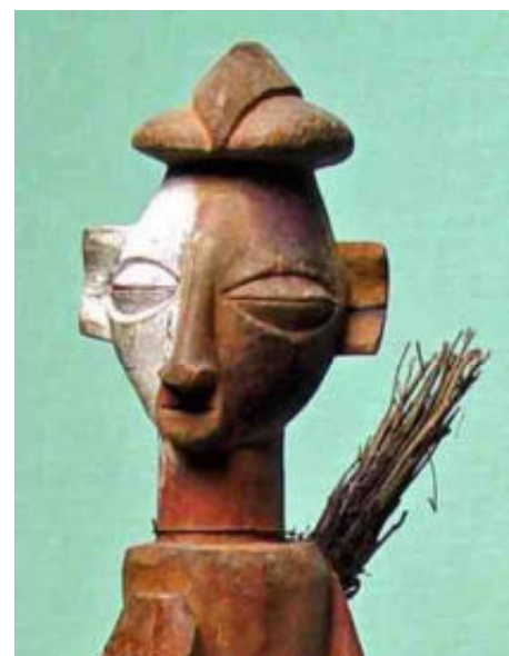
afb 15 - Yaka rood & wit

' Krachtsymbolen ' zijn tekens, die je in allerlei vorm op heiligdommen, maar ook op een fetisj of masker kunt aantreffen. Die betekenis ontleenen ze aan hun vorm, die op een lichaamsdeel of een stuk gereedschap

---

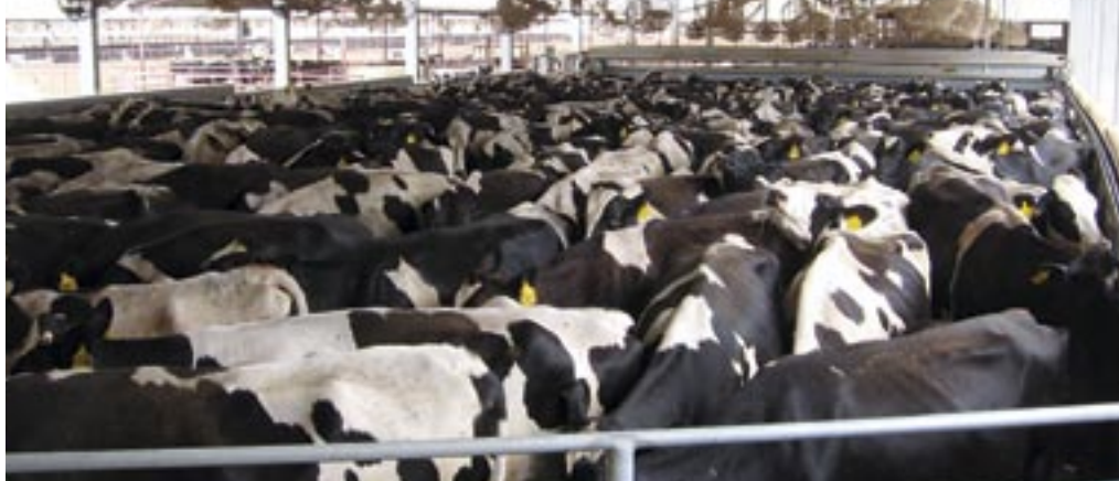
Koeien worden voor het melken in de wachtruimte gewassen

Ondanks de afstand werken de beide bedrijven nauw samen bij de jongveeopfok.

---

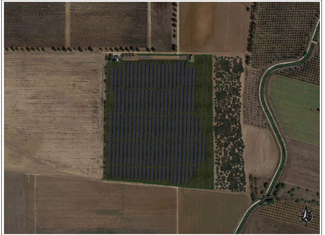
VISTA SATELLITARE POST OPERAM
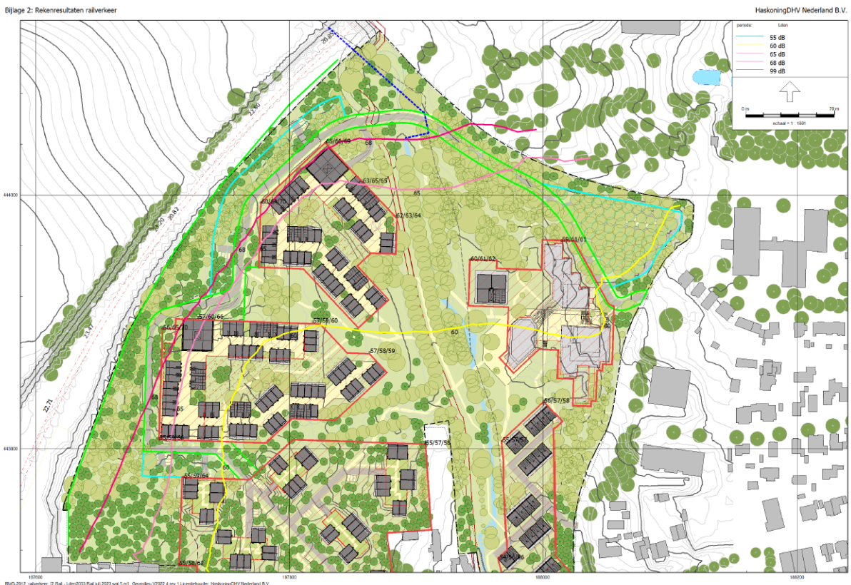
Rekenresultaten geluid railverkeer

---

WHAT THIS TASK INVOLVES ▸ Extract from the listing above the lines between the line containing "afb 15 - Yaka rood & wit" and the line containing "een stuk gereedschap", keeping both of those lines. Output nothing else.

RESULT OF THIS EXERCISE ▸
afb 15 - Yaka rood & wit

' Krachtsymbolen ' zijn tekens, die je in allerlei vorm op heiligdommen, maar ook op een fetisj of masker kunt aantreffen. Die betekenis ontleenen ze aan hun vorm, die op een lichaamsdeel of een stuk gereedschap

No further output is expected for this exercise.